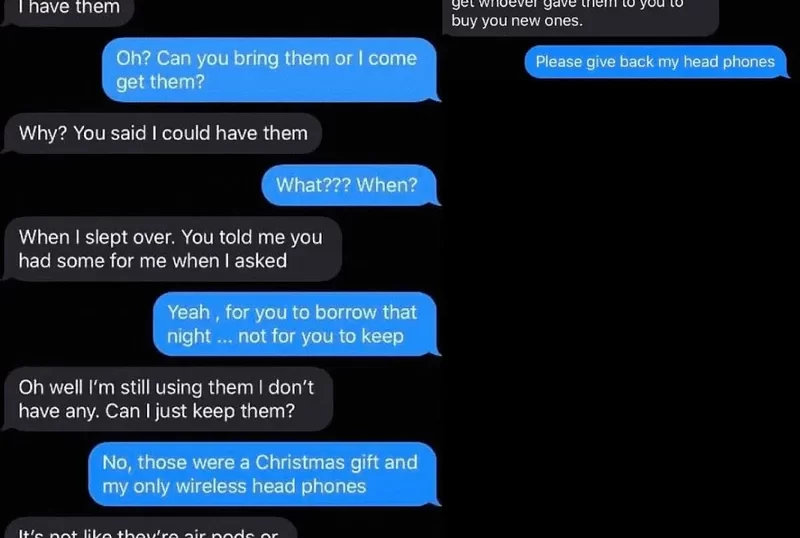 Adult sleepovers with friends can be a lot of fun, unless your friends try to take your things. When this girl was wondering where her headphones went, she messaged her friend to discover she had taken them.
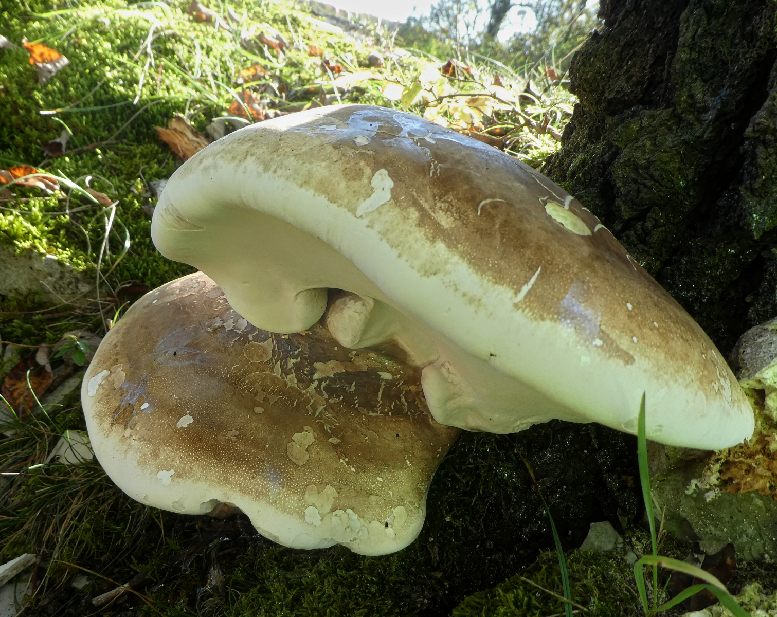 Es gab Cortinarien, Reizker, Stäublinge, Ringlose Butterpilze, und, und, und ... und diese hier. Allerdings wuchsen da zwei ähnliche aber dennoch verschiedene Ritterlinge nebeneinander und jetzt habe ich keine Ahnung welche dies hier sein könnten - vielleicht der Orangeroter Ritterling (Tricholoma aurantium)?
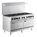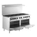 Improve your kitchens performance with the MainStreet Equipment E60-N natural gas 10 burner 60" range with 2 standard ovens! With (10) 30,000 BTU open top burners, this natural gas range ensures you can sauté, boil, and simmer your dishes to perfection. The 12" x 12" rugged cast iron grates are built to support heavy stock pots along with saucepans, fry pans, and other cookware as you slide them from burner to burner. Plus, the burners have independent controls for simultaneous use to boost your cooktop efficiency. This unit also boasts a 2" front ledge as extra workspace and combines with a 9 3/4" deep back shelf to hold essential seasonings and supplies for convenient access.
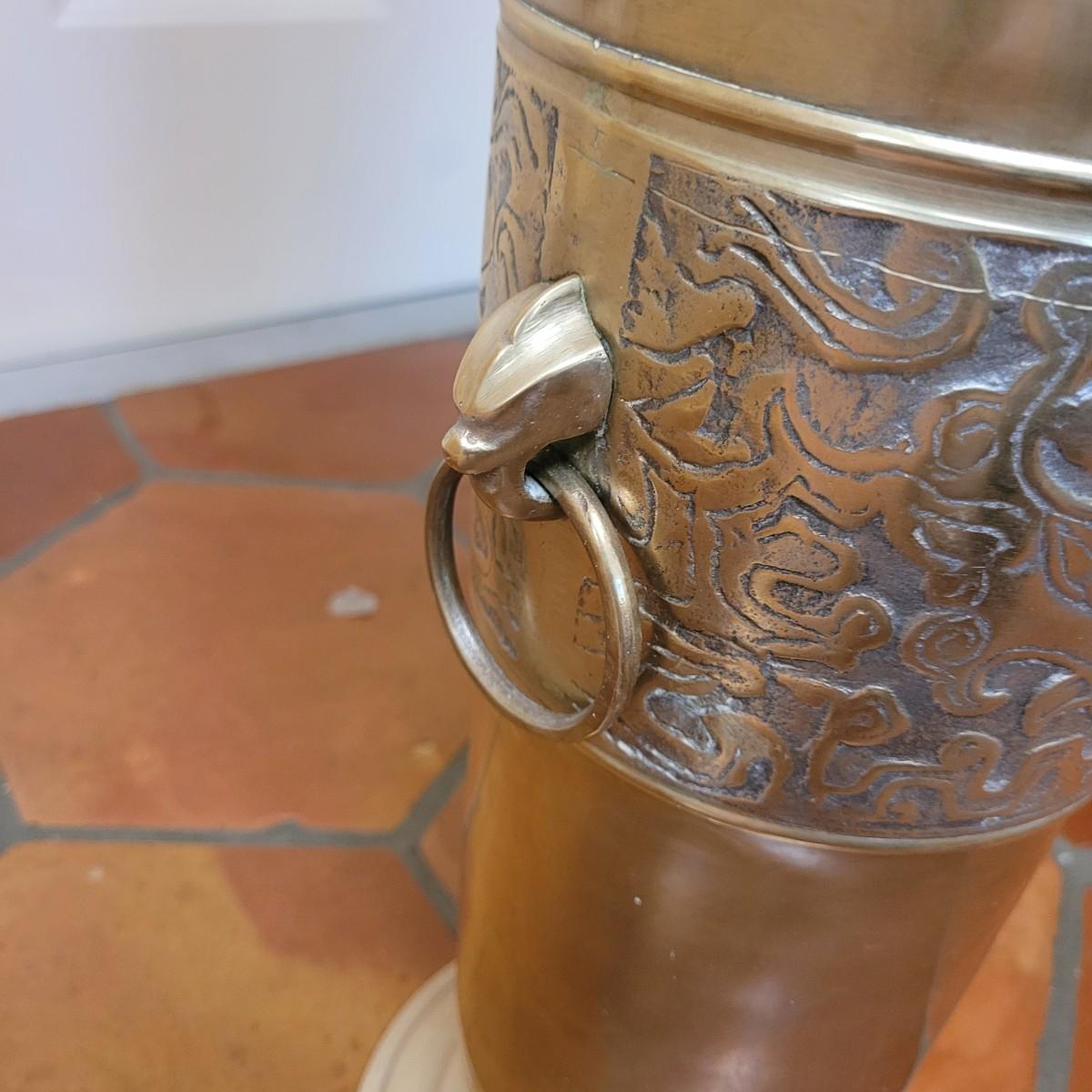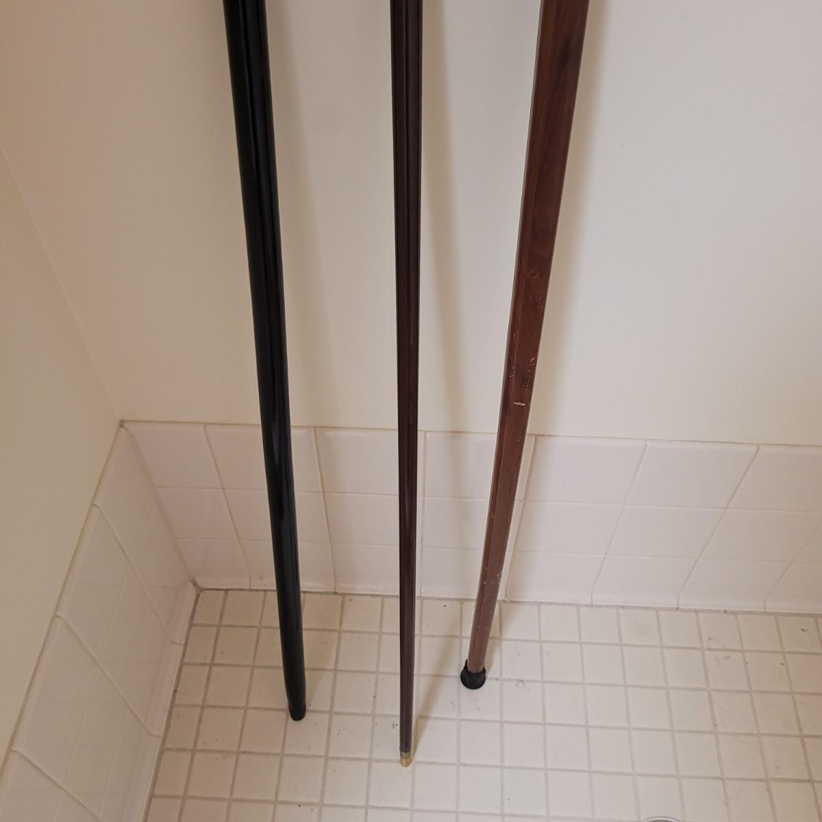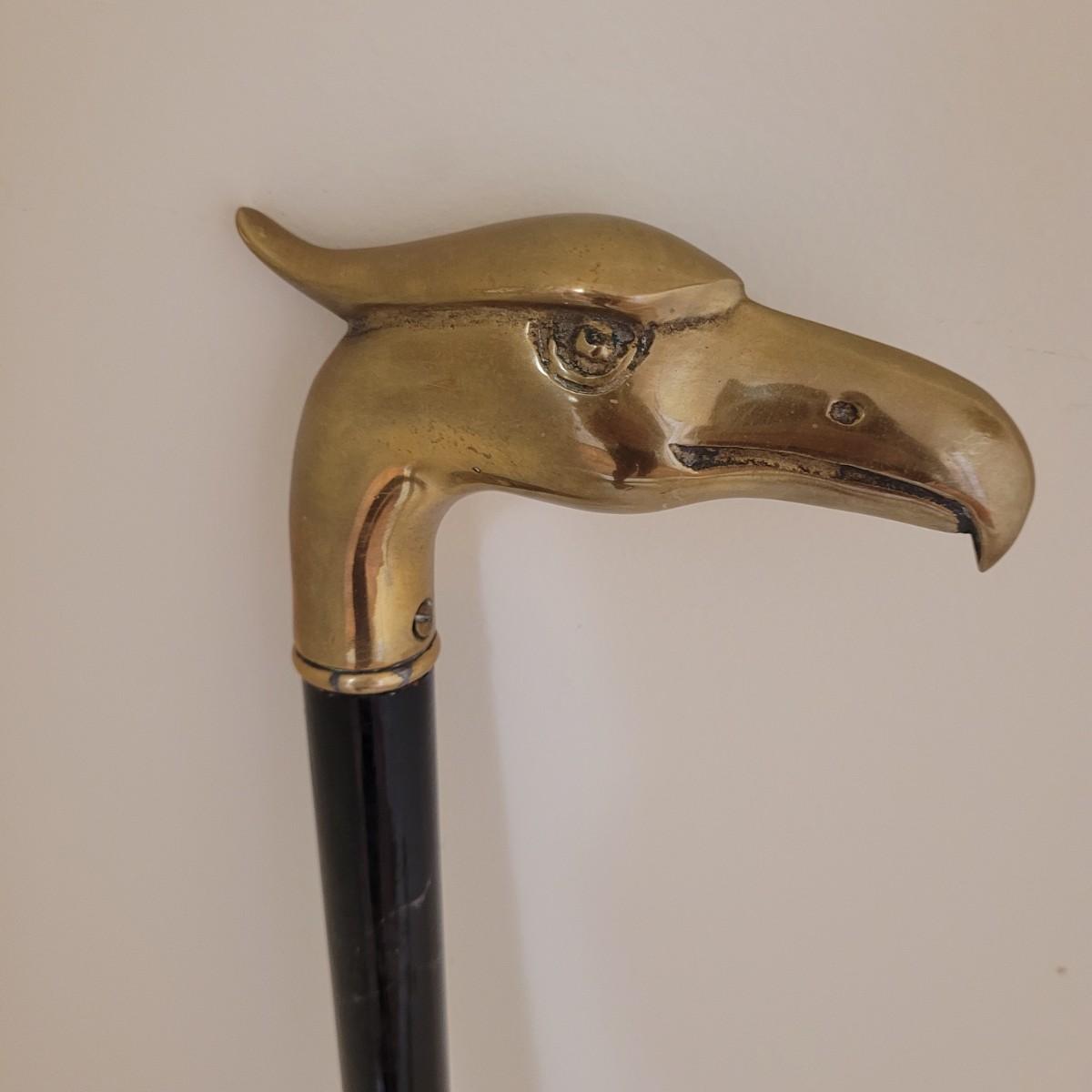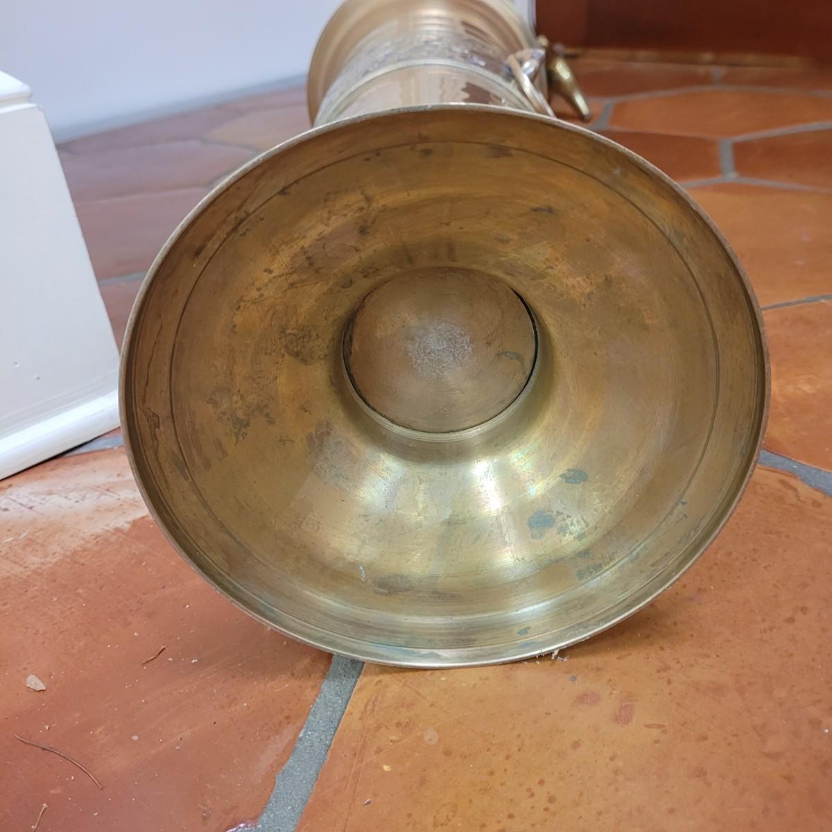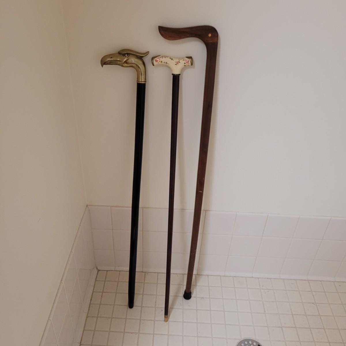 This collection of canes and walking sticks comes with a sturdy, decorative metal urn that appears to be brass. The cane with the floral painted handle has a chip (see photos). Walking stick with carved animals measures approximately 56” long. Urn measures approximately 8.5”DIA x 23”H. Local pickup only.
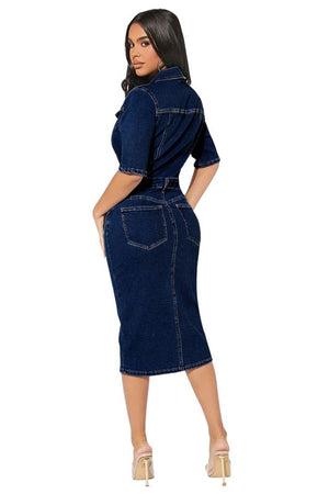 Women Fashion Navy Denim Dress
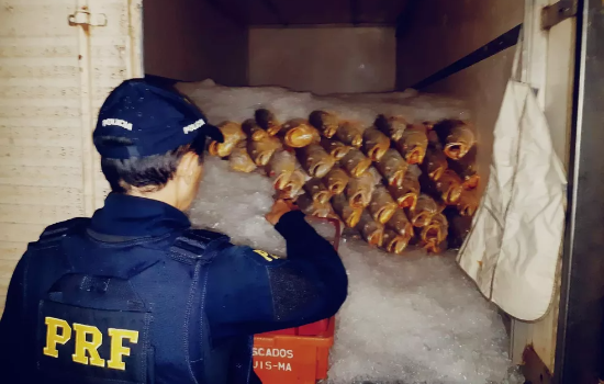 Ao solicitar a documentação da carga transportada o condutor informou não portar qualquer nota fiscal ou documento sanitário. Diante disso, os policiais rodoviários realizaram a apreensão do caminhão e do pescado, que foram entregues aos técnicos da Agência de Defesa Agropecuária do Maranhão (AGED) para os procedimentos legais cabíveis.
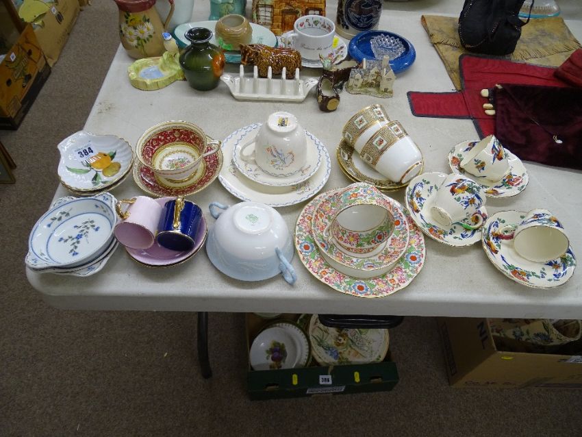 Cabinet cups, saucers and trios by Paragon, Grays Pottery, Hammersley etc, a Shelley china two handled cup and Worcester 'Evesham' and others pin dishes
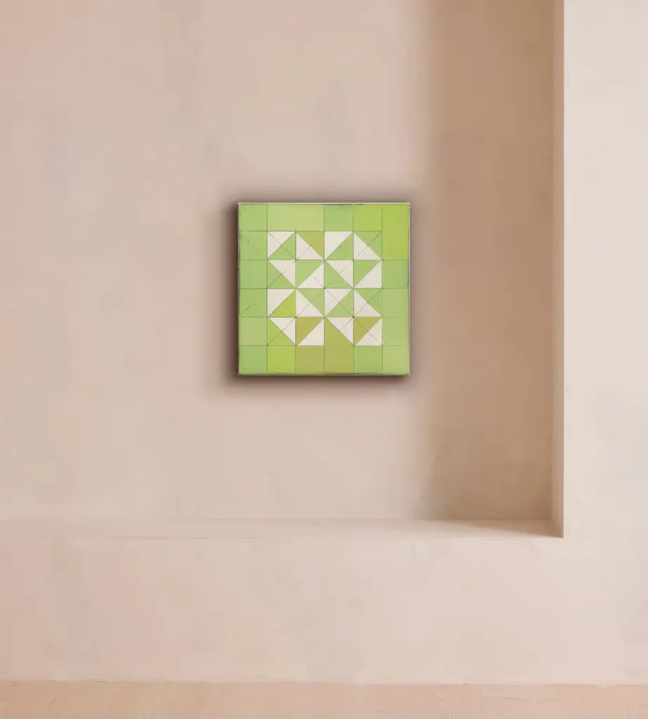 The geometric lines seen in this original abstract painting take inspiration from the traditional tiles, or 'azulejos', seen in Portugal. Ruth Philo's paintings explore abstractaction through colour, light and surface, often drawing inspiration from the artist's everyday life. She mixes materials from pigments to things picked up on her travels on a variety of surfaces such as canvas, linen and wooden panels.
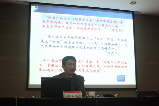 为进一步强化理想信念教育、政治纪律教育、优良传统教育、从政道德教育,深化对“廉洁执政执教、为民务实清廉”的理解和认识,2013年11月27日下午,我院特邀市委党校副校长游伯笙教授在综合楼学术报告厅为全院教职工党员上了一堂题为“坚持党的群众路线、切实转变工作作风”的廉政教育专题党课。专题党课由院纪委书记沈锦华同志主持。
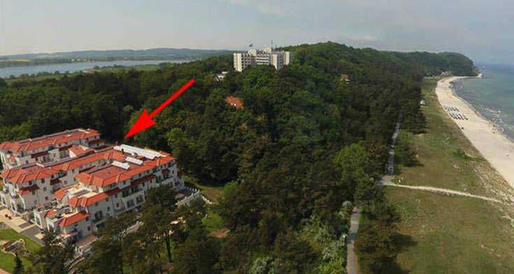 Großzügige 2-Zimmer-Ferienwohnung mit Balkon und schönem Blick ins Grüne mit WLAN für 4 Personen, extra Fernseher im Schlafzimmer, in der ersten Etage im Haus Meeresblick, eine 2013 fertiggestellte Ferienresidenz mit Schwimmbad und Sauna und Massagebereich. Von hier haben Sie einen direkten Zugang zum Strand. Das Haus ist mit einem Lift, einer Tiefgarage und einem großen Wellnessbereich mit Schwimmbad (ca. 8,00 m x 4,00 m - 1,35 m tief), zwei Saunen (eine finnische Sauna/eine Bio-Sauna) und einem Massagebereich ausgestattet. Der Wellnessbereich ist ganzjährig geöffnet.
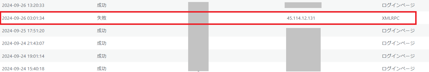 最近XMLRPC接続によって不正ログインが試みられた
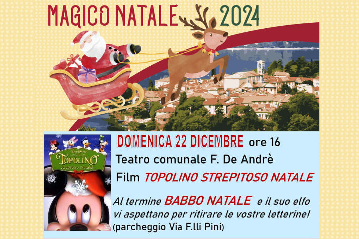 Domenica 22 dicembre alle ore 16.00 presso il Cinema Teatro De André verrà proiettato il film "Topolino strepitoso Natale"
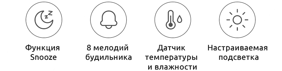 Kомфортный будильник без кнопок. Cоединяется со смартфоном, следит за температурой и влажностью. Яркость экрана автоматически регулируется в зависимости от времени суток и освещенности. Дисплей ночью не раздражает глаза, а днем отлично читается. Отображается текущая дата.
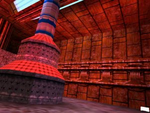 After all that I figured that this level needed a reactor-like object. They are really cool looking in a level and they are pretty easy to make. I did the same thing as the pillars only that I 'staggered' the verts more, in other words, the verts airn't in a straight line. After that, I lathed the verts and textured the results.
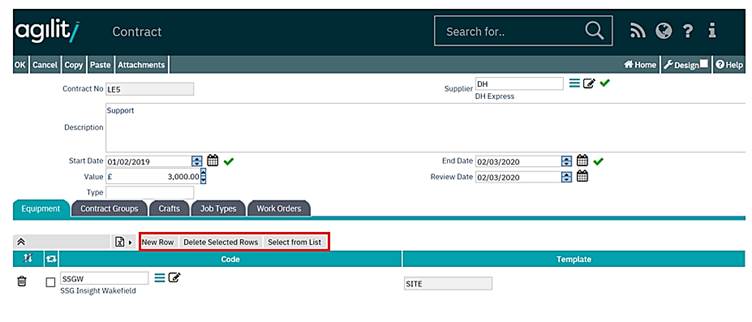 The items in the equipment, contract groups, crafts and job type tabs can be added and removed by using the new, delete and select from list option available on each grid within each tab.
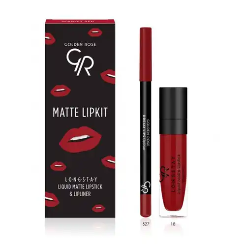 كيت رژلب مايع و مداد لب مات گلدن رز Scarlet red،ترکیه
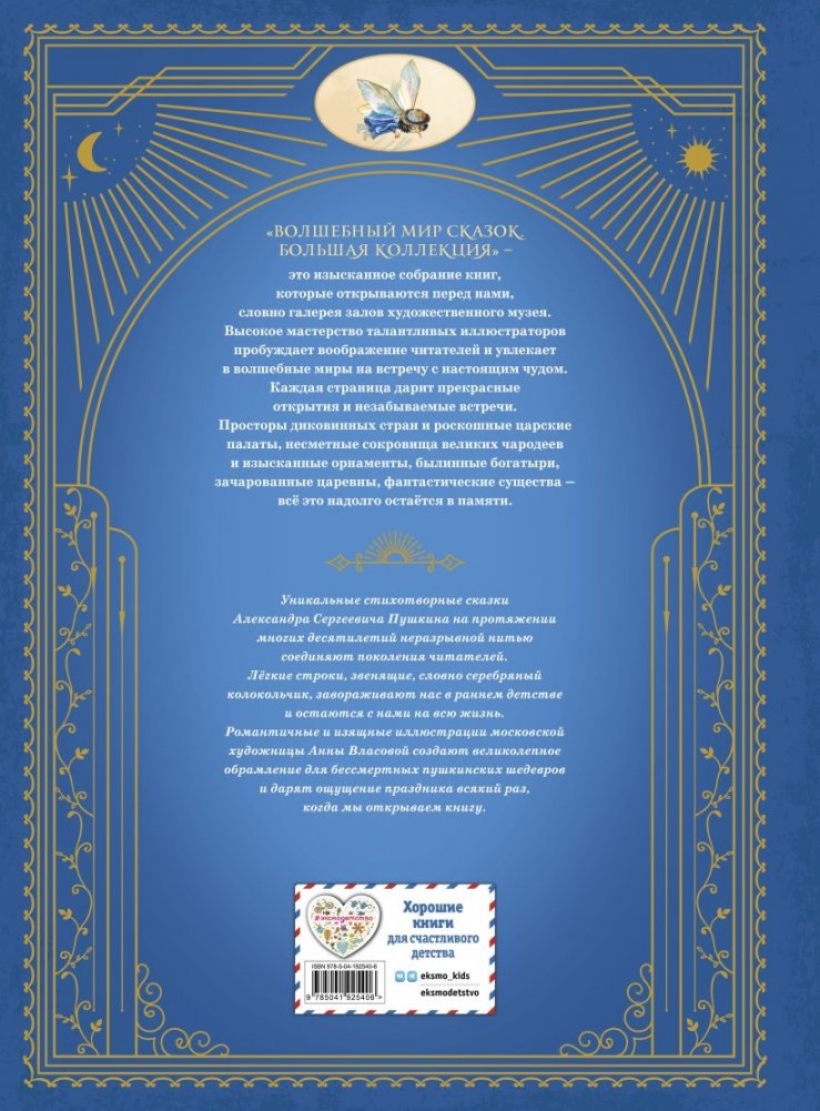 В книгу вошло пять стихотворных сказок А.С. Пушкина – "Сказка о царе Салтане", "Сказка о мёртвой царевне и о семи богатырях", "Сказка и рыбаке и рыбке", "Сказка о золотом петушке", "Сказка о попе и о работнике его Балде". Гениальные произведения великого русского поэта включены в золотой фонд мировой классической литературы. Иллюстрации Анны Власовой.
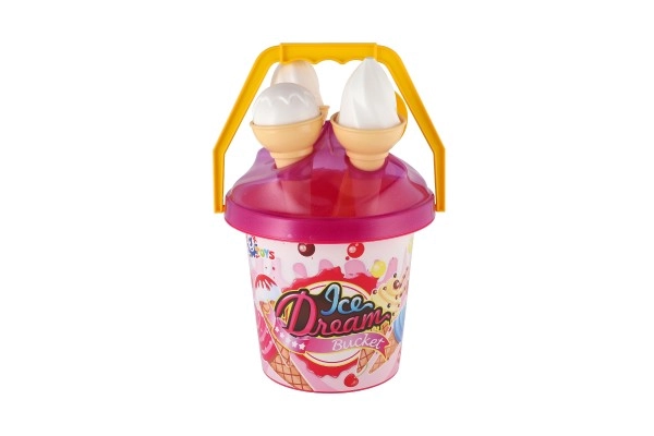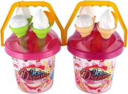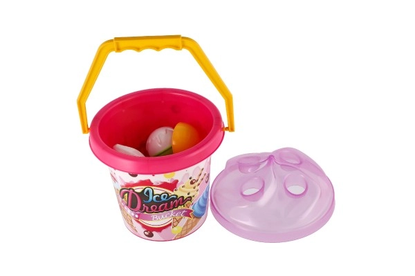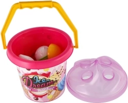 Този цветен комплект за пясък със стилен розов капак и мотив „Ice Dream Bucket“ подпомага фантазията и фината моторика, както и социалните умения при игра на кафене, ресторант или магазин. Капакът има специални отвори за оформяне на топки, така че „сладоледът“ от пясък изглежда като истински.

WHAT TO WORK ON
Without the pictures, give again exactly the lines above starting at the line containing "After all that" and ending at the line containing "كيت رژلب مايع".

RESULT
 After all that I figured that this level needed a reactor-like object. They are really cool looking in a level and they are pretty easy to make. I did the same thing as the pillars only that I 'staggered' the verts more, in other words, the verts airn't in a straight line. After that, I lathed the verts and textured the results.
 The items in the equipment, contract groups, crafts and job type tabs can be added and removed by using the new, delete and select from list option available on each grid within each tab.
 كيت رژلب مايع و مداد لب مات گلدن رز Scarlet red،ترکیه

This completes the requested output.